– Не уверен, – засмеялся Никита. – Яхта набита этими штуковинами, как булочка – маком. Удивляюсь, что никто из присутствующих еще об этом не подумал. Но завтра они точно подумают. А чего нам волноваться, Ксюша? Мелькнем в кадре – сами себя и вырежем, эка невидаль, кто тут главный монтажник собственного фильма? А по поводу провала – все в руках Божьих. Даже тот парень, что пожертвовал крупную сумму, чтобы организовать это удовольствие, в курсе, что шансов на вылет с избытком.
– Мы с тобой такие неисправимые авантюристы… – Она опять потянулась к Никите, прильнула к нему. Он слышал, как неровно колотится сердце Ксюши. Несколько минут они молчали. Непроницаемая темень сгущалась вокруг мужчины и женщины. Их оплетали таинственные силы, чье присутствие ощущалось почти физически. Ксюша беспокойно шевельнулась.
– Мне кажется, что здесь витают привидения… У тебя нет такого чувства?
– Есть, было бы странно утверждать обратное.
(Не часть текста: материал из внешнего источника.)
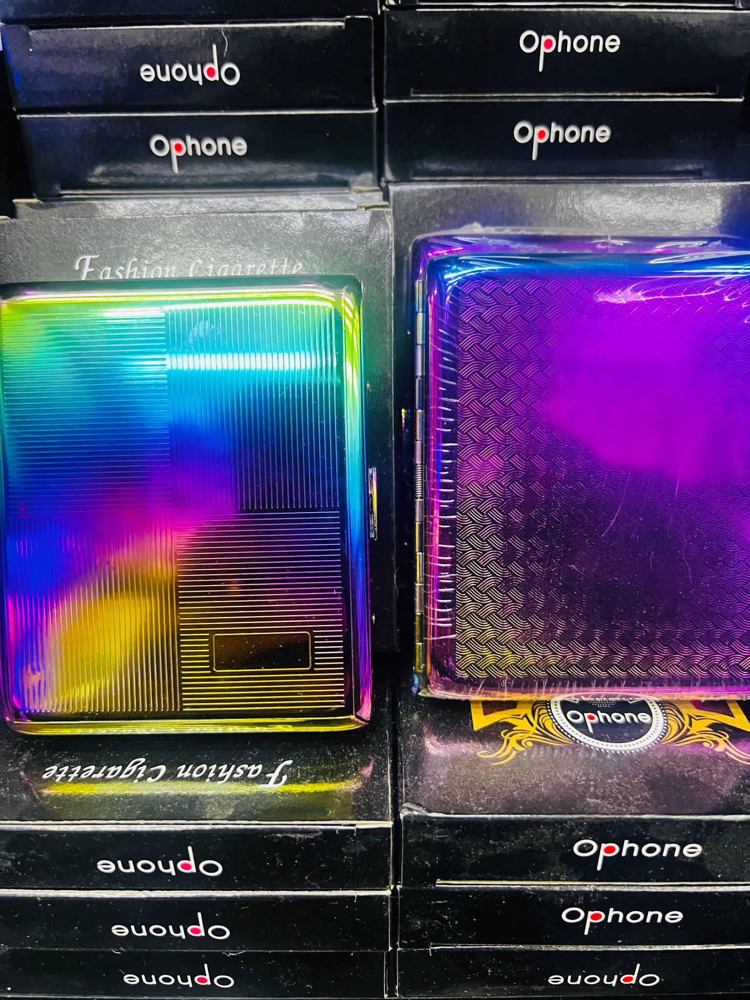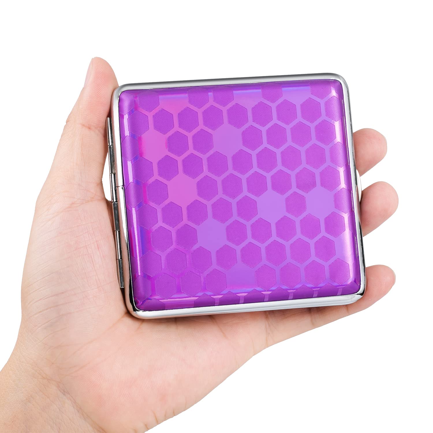Cigarrera Caja de metal negro plateado plateado plateado amarillo rosa cigarrillo acero inoxidable para 20 cigarrillos con banda de goma, una caja de cigarrillo elegante tornasol
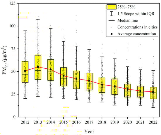 Temporal trends in PM2.5 annual concentrations from 2012 to 2022 in China.

Но они не за нами, дорогая. Привидения в нас не верят. И это хорошо, что мы боимся. Без страха ни одного дела бы не сделали…
– Пора начинать, Никита, – сказала Ксюша.
– Подождем еще. Несколько минуточек…
– Чем займемся?
– А ты не догадалась? – он потянулся губами к ее шее. Женщина задрожала и покрылась мурашками.
– О, нет, – простонала она. – Только не это… Никита, ну, что за детский сад? Ты и в осажденной ОМОНом квартире будешь мне делать неприличные предложения? – она уже дышала неровно, цепкие пальчики забирались под одежду.
– И что же неприличного в моем предложении? – Он повлек дрожащую женщину на пол, хоть и не сказать, что в этом закутке было чисто…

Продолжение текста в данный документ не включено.